DATA TO USE
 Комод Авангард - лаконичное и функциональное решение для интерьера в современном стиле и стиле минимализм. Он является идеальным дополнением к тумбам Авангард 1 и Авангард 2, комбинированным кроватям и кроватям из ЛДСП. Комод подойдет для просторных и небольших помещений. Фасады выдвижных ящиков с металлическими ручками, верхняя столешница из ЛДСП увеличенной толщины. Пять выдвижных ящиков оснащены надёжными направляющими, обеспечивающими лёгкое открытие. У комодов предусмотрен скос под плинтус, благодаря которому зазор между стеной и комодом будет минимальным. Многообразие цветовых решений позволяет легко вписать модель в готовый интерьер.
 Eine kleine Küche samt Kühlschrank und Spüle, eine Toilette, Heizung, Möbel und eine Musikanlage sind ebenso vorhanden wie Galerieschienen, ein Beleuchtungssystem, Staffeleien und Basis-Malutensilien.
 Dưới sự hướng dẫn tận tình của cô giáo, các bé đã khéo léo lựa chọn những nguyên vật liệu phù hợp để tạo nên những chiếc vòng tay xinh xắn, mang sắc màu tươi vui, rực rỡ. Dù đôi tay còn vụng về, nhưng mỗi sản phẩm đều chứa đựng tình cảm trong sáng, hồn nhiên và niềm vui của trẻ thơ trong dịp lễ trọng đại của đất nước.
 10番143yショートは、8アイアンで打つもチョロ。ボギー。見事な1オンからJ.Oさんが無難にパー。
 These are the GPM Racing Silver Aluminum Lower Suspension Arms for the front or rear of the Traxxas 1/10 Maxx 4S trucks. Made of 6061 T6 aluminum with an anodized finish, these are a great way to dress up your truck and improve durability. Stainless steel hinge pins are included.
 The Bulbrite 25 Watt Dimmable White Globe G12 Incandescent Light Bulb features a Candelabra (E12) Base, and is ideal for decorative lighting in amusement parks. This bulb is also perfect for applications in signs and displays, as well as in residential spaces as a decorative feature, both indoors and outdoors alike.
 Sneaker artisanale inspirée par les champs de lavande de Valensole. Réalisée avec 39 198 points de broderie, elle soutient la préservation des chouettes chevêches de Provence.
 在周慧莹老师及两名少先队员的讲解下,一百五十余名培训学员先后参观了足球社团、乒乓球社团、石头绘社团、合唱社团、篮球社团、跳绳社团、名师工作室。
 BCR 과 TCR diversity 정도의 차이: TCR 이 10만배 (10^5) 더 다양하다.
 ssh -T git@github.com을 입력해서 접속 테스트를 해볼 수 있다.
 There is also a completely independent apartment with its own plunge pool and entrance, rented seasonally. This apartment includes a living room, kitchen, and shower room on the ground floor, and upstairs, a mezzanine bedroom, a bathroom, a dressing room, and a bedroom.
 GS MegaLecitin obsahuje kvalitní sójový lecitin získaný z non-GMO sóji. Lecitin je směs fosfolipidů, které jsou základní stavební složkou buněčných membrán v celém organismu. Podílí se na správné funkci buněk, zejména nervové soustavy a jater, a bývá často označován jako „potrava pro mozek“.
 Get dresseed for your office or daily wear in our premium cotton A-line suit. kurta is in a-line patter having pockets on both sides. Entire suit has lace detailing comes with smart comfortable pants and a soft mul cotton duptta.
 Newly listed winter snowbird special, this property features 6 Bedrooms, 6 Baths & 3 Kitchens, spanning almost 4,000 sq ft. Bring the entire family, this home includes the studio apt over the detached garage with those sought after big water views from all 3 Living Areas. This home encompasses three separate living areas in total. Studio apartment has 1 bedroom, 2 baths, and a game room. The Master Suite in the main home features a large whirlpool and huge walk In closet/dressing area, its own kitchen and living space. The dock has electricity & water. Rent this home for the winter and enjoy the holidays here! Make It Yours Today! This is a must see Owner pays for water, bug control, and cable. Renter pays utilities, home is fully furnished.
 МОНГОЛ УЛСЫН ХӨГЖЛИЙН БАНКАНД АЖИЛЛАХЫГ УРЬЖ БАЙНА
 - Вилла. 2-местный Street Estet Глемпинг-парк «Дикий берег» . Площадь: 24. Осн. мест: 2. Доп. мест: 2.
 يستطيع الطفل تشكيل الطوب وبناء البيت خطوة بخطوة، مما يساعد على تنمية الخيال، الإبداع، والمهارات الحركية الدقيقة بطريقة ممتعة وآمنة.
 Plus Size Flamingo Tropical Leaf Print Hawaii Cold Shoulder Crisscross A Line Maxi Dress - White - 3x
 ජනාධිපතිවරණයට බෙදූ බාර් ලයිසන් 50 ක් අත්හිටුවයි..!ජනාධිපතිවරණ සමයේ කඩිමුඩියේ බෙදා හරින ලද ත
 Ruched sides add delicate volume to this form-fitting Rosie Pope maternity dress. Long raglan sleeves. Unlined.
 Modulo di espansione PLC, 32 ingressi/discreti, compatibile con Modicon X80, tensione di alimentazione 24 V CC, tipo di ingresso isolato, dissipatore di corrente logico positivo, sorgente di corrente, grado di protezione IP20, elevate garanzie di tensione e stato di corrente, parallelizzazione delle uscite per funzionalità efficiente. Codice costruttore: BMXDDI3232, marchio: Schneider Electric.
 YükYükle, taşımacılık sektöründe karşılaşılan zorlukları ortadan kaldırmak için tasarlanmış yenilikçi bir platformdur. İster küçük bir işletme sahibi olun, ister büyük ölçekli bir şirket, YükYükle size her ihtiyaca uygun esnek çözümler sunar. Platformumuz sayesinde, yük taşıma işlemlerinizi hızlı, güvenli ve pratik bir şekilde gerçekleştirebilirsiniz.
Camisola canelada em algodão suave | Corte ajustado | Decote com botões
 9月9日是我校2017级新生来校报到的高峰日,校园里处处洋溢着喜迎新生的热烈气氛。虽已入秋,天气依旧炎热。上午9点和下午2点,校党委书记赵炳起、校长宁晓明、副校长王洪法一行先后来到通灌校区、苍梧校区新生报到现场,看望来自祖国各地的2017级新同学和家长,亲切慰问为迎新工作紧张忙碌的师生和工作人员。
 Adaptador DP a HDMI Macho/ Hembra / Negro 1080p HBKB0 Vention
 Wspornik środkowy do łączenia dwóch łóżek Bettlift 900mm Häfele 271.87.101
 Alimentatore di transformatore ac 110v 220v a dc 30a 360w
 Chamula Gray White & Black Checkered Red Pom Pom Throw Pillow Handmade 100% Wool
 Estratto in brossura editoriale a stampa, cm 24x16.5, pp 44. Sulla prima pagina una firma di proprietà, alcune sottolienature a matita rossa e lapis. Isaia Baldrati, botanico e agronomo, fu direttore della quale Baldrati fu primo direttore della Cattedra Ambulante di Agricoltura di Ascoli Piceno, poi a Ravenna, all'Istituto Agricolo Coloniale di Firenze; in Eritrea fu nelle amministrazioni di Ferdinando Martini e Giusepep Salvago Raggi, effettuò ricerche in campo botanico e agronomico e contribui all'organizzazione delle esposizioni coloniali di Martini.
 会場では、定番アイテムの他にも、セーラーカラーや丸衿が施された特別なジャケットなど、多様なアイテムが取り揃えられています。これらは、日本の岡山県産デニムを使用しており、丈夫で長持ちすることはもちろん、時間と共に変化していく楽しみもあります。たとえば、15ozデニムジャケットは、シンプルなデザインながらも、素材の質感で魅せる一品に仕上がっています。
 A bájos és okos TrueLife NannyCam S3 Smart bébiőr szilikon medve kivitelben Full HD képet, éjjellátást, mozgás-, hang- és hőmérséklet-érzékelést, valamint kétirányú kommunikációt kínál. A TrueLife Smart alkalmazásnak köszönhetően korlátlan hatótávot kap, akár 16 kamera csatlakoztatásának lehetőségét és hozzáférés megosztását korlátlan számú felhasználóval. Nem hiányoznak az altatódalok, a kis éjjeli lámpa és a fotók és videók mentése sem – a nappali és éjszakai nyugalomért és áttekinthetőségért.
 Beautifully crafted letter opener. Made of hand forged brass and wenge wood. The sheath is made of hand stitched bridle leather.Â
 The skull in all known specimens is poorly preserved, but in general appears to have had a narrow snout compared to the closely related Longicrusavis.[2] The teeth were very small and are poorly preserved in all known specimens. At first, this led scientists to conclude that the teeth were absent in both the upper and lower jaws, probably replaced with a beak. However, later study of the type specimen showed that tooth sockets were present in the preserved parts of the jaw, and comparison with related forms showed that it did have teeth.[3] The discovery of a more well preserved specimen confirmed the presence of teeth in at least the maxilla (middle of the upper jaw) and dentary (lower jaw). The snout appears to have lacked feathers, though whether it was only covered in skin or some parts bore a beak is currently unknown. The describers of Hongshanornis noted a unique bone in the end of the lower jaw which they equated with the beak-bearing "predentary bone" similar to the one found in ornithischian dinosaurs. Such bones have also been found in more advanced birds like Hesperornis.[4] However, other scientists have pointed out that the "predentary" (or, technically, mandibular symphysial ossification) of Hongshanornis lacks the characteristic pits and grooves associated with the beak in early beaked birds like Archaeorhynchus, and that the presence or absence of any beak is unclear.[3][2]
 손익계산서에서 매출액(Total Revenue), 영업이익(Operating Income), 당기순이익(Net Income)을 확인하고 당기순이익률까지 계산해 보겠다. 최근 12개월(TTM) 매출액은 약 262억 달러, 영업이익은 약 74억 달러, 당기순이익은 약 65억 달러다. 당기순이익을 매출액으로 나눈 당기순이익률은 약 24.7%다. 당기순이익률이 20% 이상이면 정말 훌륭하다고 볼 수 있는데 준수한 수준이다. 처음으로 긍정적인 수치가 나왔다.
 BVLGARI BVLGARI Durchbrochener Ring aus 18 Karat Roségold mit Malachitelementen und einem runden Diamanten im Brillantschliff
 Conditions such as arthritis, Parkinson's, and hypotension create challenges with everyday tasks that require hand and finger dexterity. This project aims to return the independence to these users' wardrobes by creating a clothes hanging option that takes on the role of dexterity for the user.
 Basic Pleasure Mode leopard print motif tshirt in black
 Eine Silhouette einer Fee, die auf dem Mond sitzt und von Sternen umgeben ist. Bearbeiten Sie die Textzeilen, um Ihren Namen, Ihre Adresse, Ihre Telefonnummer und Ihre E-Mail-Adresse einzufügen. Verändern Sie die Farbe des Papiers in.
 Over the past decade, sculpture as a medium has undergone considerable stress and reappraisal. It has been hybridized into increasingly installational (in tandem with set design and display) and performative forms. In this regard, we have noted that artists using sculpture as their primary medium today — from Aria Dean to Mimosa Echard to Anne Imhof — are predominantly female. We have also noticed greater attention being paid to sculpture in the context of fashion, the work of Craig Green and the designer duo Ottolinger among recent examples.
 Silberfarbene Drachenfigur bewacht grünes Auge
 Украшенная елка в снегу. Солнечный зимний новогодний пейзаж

EXERCISE
Determine how many lines of the listing above contain the string "includes", and answer with that figure alone.

OUTPUT FOR THIS EXERCISE
2